Appointed ‘Principal Painter in Ordinary to Their Majesties’ in 1632, Van Dyck created numerous portraits of Charles I, his wife Henrietta Maria, and their children, many of which still remain in the British Royal Collection. Depicting his sitters with a relaxed elegance and understated authority, Van Dyck’s sophisticated style dominated English portraiture until the end of the 18th century.
The Portrait of Charles II is a unique likeness of the young prince and one of the finest royal portraits of Van Dyck’s late career. Depicting the future heir to the throne standing in armour, this portrait marks a distinct shift in the representation of the young Prince. Moving away from the celebrated child portraits painted alongside his siblings, the portrait exudes a more martial and adult gravitas, both in accoutrements and bearing.
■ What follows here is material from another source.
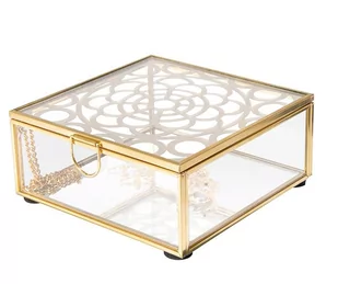 Szkatułka stanowi stylowy, elegancki dodatek, który może z powodzeniem zdobić toaletkę, komodę, a nawet stolik kawowy. Szklane pudełko marki Altom Design to świetny sposób na przechowywanie biżuterii i drobiazgów Elegancka, złota szkatułka może być wspaniałym prezentem dla kobiety Idealnie sprawdzi się na ślub do przechowania obrączek Minimalistyczny design sprawia, że wpasuje się do każdego wnętrza Dzięki szklanym ściankom i wieczku zawartość jest zawsze widoczna. Wymiary: 12x12 cm

Painted shortly after her marriage to Prince Willem of Orange, aged just nine years old, the portrait of Mary, Princess Royal is the last of the artist’s likenesses of the young princess. Mary is depicted wearing a fine orange silk dress edged with lace tied with blue ribbon, and both her wedding ring and the large diamond brooch given to her by her husband the day after their wedding. Her son, Willem III of Orange, later succeeded her brother Charles II and was crowned King William III of England in 1689.
On 13 August 1641, shortly after the Princess’s marriage to Willem of Orange, the Countess of Roxburgh, Lady of the Bedchamber to the Queen and Preceptress (or Governess) to the royal children, wrote to Jan de Brederode, Ambassador Extraordinary of the Dutch States General to London , about a delay in dispatching the portrait of ‘your Royal Highness’ by van Dyck. The artist had been ill since the Ambassadors had left London, she explained, and she ‘hadn’t, until this hour, been able to see the portrait that he was doing for Monsieur le Prince. But he promised the Queen that he would have yours ready in eight days; and that he wished to present it to her himself with another he was doing for Madame the Princess of Orange’.
The colour of the Princess’s dress in the present painting has been consciously changed from the coral pink with white ribbons – as worn on her wedding day – seen in the other two versions of this portrait (Royal Collection and Private Collection, England). Here Mary’s dress is of a noticeably more orange hue, with blue ribbons at the waist and chest – the colours of the House of Orange-Nassau – strongly suggesting that this is the version that was painted for her new mother-in-law, the Princess of Orange, which is referred to in the Countess of Roxburgh’s letter.
Alex Bell, Sotheby’s Co-Chairman of Old Master Paintings, said: “Van Dyck was responsible for creating the enduring images of Charles I and his court, and in these exceptionally well-preserved portraits of his two eldest children we see the artist use his painterly skill to acknowledge both the youth and the status of his royal subjects. The tumultuous history of the Stuart court has always captured people’s imagination and with the additional interest sparked by the fascinating exhibitions in London this year, it is particularly timely for these royal portraits, which are extremely rare to the market, to come up for sale.’